September 19, 2008 / 5:13 PM / 11 years ago

UK FSA's short-selling ban seen drastic but necessary

LONDON, Sept 19 (Reuters) - Hopes that the UK Financial Services Authority’s short-selling ban will soothe recent market jitters largely outweighed misgivings over the move, with most market participants seeing it as a drastic but necessary step.

The FSA on Thursday slapped an unprecedented four-month ban on short-selling financial stocks, saying the measure was needed to shore up confidence in UK banks after persistent falls in their share prices threatened to undermine consumer confidence in them.

Short sellers — who sell borrowed stock in the hope its price will fall, allowing them to buy it back more cheaply — have been criticised for aggressively targeting banks including HBOS HBOS.L, which on Wednesday accepted a takeover bid from rival Lloyds TSB (LLOY.L) following a dramatic slump in its shares.

“In a climate of fear and panic, (the ban) looks like a sensible move. It was becoming too easy for the market to get spooked, and short-selling was becoming a self-fulfilling prophecy,” said Daniel Havercroft, financial stocks analyst at Investec.


The FSA ban came amid signs that traditional fund managers and pension funds — who frequently lend shares to short-sellers — had turned against the practice.

On Wednesday, Reuters reported that a consortium of fund managers was discussing sending an open letter urging the authorities to act against short-sellers. On Friday, Britain’s largest pension fund, the 39.7 billion pound BT Pension Scheme, said it had banned stock lending for 20 British and global financial companies.

Martin Gilbert, chief executive of fund manager Aberdeen Asset Management ADN.L, told Reuters on Friday that the ban was justified by the need to stabilise the banking sector.

“The ban is a bood idea and it will help. I think the fiancial stability of the banking sector is more important than anything else,” Gilbert said.

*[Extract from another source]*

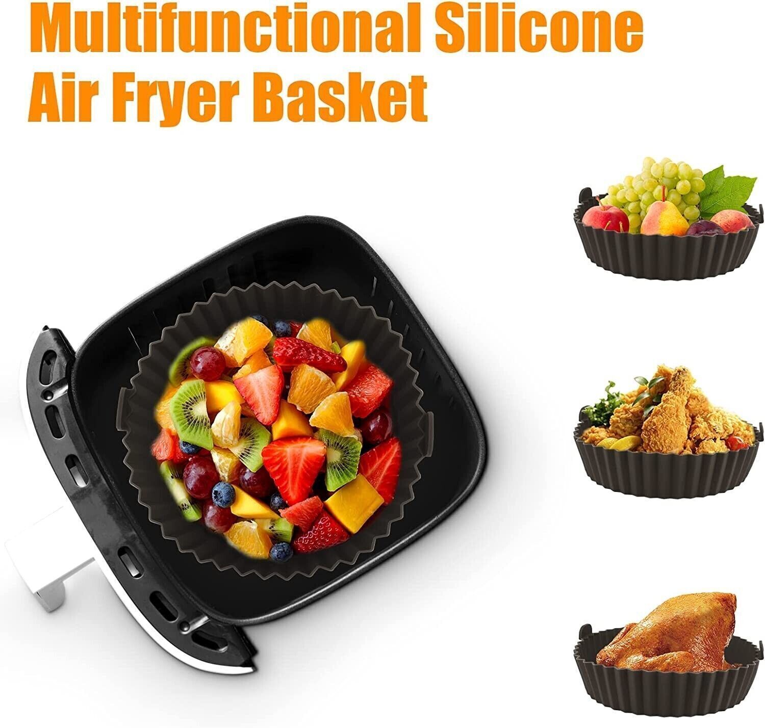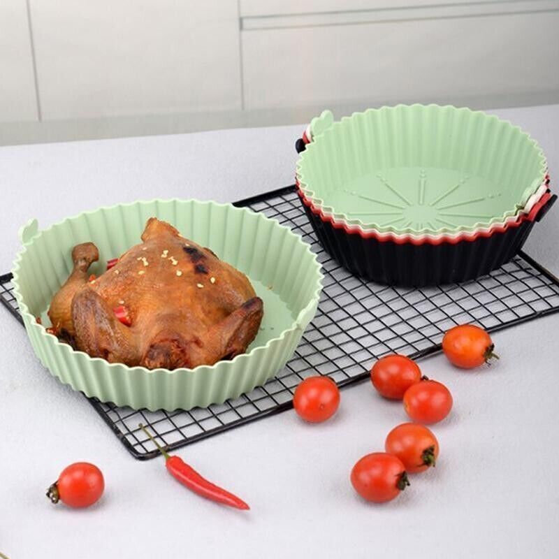 This Silicone Air Fryer Liner is perfect for reuse and easy cleaning. Pop it in your air fryer and simply clean it when done. The inner pot of these non-stick disposable air fryers is designed in the shape of a round bowl that doesn't need to be, folded, cut, or bent like paper air fryer liners and can be dropped right in when you're ready to cook. The raised edges protect the sides of the fryer and food from sticking to them and ensure that no delicious juices are lost or messed in the air fryer

Also on Friday, the U.S. Securities and Exchange Commission in turn halted short-selling in financial stocks until Oct 2, while regulators in Ireland, Switzerland, Australia and other countries also followed suit to varying degrees.

The global short-selling clampdown, coupled with news that the U.S. government is working on a plan to absorb hundreds of billions of dollars in bad debt from banks’ balance sheets, fuelled an explosive rally in financial stocks.

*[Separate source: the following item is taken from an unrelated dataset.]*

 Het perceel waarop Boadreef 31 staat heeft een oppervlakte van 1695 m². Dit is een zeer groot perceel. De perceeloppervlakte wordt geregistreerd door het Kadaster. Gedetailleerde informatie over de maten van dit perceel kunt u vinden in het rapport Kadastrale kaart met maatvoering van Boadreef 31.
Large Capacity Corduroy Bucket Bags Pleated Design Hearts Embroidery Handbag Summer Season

By by the close of trading in London, shares in UK lenders Royal Bank of Scotland (RBS.L), Barclays (BARC.L), HBOS HBOS.L and Lloyds TSB (LLOY.L) were up by between 20 percent and 32 percent.


However, the hedge fund industry, responsible for a high proportion of short-selling activity, said the short-selling freeze could make it more expensive for banks to raise capital, and called on the FSA to review the ban as soon as possible.

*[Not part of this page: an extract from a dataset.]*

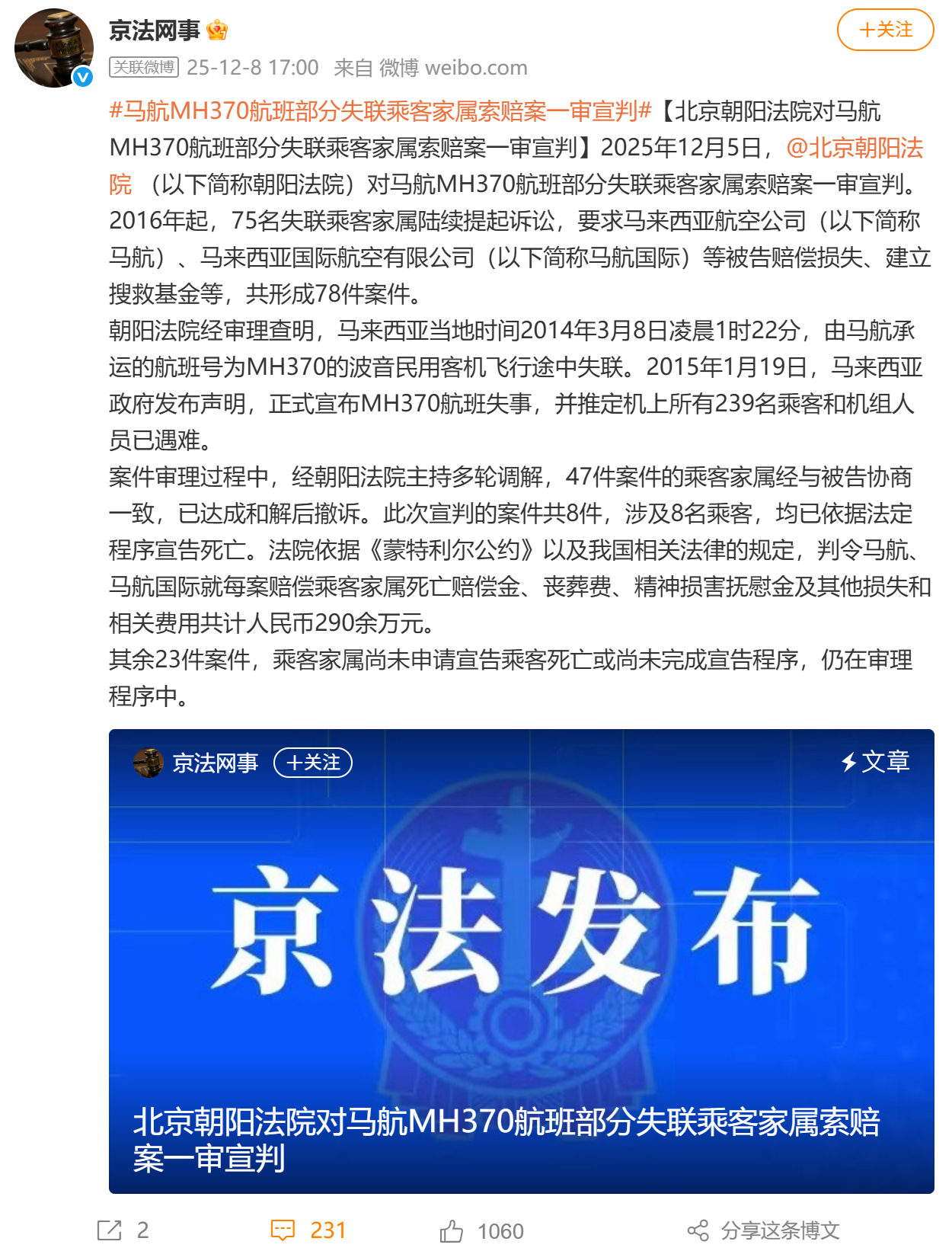 北京市法院對馬航MH370航班部分失聯乘客家屬索賠案一審宣判

“Banning short-selling of financial stocks, while it may indeed bring temporary relief, creates an artificial market. It will not ultimately, on its own, bring back investor confidence in the banking system,” said Florence Lombard, Chief Executive of hedge fund lobby group the Alternative Investment Management Association.

Some market participants also saw the short selling ban as an unjustifiable infringment of their freedom to trade, irrespective of the banking sector’s troubles.

“(The ban) is a step towards a totalitarian state. If you can restrict peoples’ freedom to buy and sell shares, why not restrict their freedom to walk around after 9 pm?” said James Hamilton, banks analyst at Numis Securities.